Member of the U.S. House of Representatives from Indiana's 11th district
- In office March 4, 1865 – March 3, 1867
- Preceded by: James F. McDowell
- Succeeded by: John P. C. Shanks

Member of the Ohio House of Representatives from the ? district
- In office 1856–1856

Personal details
- Born: August 29, 1830 Stillwell, Ohio, U.S.
- Died: January 14, 1874 (aged 43) Anderson, Indiana, U.S
- Party: Republican

Military service
- Branch/service: U.S. Army (Union Army)
- Rank: 1st Lieutenant; Regimental Quartermaster;
- Commands: 34th Indiana Infantry;
- Battles/wars: American Civil War;

= Thomas N. Stilwell =

American politician and lawyer

Thomas Neel Stilwell (August 29, 1830 – January 14, 1874) was an American lawyer, banker, and politician who served one term as a U.S. representative from Indiana from 1865 to 1867.

== Biography ==
Born in Stillwell, Ohio, he attended Oxford and College Hill Colleges, where he studied law.
He was admitted to the bar in 1852 and began practice in Anderson, Indiana.
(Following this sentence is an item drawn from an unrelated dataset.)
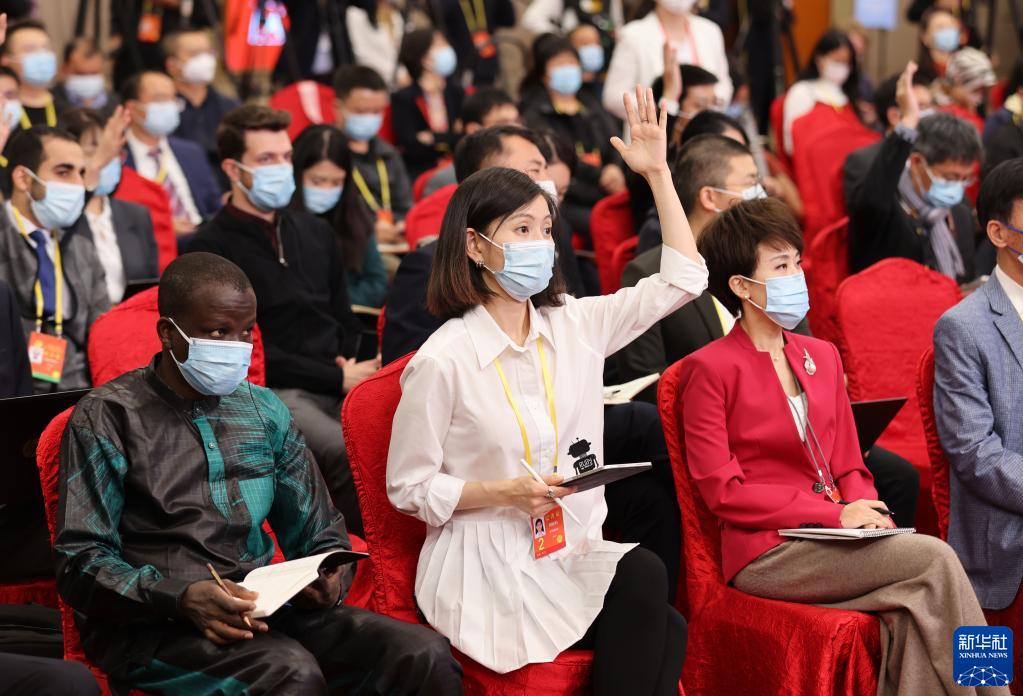 這是記者在分會場舉手提問。新華社記者 李明 攝

He served as member of the Ohio House of Representatives in 1856. He served in the 34th Indiana Infantry Regiment of the Union Army during the Civil War as a 1st lieutenant and regimental quartermaster.

Stilwell was elected as a Republican to the Thirty-ninth Congress (March 4, 1865 – March 3, 1867).

He acted as Minister Resident to Venezuela in 1867 and 1868.
He served as president of the First National Bank of Anderson, Indiana, until his death.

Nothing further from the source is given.